Assignment. Return all of the lines below exactly as they are.

Data segment.
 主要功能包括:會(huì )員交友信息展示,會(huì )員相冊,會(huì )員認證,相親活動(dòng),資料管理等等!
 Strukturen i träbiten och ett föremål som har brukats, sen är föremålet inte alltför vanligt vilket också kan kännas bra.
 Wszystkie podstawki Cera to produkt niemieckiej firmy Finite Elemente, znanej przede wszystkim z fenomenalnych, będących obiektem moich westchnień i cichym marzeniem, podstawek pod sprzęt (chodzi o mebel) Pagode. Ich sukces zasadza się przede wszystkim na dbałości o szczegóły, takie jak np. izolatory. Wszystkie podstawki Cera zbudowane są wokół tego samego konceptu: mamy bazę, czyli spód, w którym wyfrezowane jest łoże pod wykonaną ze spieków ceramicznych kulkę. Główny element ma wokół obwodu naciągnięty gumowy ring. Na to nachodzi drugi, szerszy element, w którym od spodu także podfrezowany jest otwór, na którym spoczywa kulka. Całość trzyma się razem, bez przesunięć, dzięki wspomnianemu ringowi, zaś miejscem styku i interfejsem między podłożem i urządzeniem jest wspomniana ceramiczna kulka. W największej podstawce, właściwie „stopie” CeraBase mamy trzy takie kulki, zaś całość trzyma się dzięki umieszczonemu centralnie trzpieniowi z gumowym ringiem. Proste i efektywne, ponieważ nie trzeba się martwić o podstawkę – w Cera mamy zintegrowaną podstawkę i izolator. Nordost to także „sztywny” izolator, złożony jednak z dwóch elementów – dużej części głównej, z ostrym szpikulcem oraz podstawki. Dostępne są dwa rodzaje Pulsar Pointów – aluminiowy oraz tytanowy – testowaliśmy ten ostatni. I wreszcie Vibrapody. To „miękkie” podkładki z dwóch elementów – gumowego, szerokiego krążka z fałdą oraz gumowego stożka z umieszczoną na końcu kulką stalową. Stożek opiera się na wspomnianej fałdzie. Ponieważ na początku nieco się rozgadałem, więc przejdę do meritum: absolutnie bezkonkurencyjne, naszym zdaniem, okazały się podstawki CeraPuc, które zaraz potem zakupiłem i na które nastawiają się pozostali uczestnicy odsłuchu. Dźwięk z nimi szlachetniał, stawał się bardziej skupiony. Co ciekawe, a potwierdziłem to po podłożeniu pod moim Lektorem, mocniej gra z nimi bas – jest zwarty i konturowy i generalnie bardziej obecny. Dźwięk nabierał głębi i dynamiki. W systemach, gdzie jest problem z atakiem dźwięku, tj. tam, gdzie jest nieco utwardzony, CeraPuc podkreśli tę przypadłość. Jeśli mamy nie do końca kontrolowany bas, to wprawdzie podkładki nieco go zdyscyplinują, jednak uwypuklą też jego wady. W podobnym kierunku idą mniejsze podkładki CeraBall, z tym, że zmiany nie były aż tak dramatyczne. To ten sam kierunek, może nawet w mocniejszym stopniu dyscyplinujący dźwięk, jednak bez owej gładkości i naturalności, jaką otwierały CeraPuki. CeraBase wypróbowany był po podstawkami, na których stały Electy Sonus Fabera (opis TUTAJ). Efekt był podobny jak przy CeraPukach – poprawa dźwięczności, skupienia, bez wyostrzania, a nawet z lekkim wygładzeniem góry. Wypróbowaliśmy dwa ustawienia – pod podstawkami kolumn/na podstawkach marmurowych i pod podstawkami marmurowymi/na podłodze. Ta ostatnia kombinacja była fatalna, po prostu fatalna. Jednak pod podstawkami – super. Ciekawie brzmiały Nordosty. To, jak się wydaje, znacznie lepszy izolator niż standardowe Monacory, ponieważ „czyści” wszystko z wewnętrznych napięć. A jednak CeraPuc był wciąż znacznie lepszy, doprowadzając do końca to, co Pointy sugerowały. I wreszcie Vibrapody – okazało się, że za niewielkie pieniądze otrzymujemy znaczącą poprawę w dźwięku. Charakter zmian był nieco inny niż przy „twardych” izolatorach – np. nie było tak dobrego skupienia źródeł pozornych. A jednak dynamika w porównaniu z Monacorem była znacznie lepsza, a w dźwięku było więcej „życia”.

Output for this exercise.
 主要功能包括:會(huì )員交友信息展示,會(huì )員相冊,會(huì )員認證,相親活動(dòng),資料管理等等!
 Strukturen i träbiten och ett föremål som har brukats, sen är föremålet inte alltför vanligt vilket också kan kännas bra.
 Wszystkie podstawki Cera to produkt niemieckiej firmy Finite Elemente, znanej przede wszystkim z fenomenalnych, będących obiektem moich westchnień i cichym marzeniem, podstawek pod sprzęt (chodzi o mebel) Pagode. Ich sukces zasadza się przede wszystkim na dbałości o szczegóły, takie jak np. izolatory. Wszystkie podstawki Cera zbudowane są wokół tego samego konceptu: mamy bazę, czyli spód, w którym wyfrezowane jest łoże pod wykonaną ze spieków ceramicznych kulkę. Główny element ma wokół obwodu naciągnięty gumowy ring. Na to nachodzi drugi, szerszy element, w którym od spodu także podfrezowany jest otwór, na którym spoczywa kulka. Całość trzyma się razem, bez przesunięć, dzięki wspomnianemu ringowi, zaś miejscem styku i interfejsem między podłożem i urządzeniem jest wspomniana ceramiczna kulka. W największej podstawce, właściwie „stopie” CeraBase mamy trzy takie kulki, zaś całość trzyma się dzięki umieszczonemu centralnie trzpieniowi z gumowym ringiem. Proste i efektywne, ponieważ nie trzeba się martwić o podstawkę – w Cera mamy zintegrowaną podstawkę i izolator. Nordost to także „sztywny” izolator, złożony jednak z dwóch elementów – dużej części głównej, z ostrym szpikulcem oraz podstawki. Dostępne są dwa rodzaje Pulsar Pointów – aluminiowy oraz tytanowy – testowaliśmy ten ostatni. I wreszcie Vibrapody. To „miękkie” podkładki z dwóch elementów – gumowego, szerokiego krążka z fałdą oraz gumowego stożka z umieszczoną na końcu kulką stalową. Stożek opiera się na wspomnianej fałdzie. Ponieważ na początku nieco się rozgadałem, więc przejdę do meritum: absolutnie bezkonkurencyjne, naszym zdaniem, okazały się podstawki CeraPuc, które zaraz potem zakupiłem i na które nastawiają się pozostali uczestnicy odsłuchu. Dźwięk z nimi szlachetniał, stawał się bardziej skupiony. Co ciekawe, a potwierdziłem to po podłożeniu pod moim Lektorem, mocniej gra z nimi bas – jest zwarty i konturowy i generalnie bardziej obecny. Dźwięk nabierał głębi i dynamiki. W systemach, gdzie jest problem z atakiem dźwięku, tj. tam, gdzie jest nieco utwardzony, CeraPuc podkreśli tę przypadłość. Jeśli mamy nie do końca kontrolowany bas, to wprawdzie podkładki nieco go zdyscyplinują, jednak uwypuklą też jego wady. W podobnym kierunku idą mniejsze podkładki CeraBall, z tym, że zmiany nie były aż tak dramatyczne. To ten sam kierunek, może nawet w mocniejszym stopniu dyscyplinujący dźwięk, jednak bez owej gładkości i naturalności, jaką otwierały CeraPuki. CeraBase wypróbowany był po podstawkami, na których stały Electy Sonus Fabera (opis TUTAJ). Efekt był podobny jak przy CeraPukach – poprawa dźwięczności, skupienia, bez wyostrzania, a nawet z lekkim wygładzeniem góry. Wypróbowaliśmy dwa ustawienia – pod podstawkami kolumn/na podstawkach marmurowych i pod podstawkami marmurowymi/na podłodze. Ta ostatnia kombinacja była fatalna, po prostu fatalna. Jednak pod podstawkami – super. Ciekawie brzmiały Nordosty. To, jak się wydaje, znacznie lepszy izolator niż standardowe Monacory, ponieważ „czyści” wszystko z wewnętrznych napięć. A jednak CeraPuc był wciąż znacznie lepszy, doprowadzając do końca to, co Pointy sugerowały. I wreszcie Vibrapody – okazało się, że za niewielkie pieniądze otrzymujemy znaczącą poprawę w dźwięku. Charakter zmian był nieco inny niż przy „twardych” izolatorach – np. nie było tak dobrego skupienia źródeł pozornych. A jednak dynamika w porównaniu z Monacorem była znacznie lepsza, a w dźwięku było więcej „życia”.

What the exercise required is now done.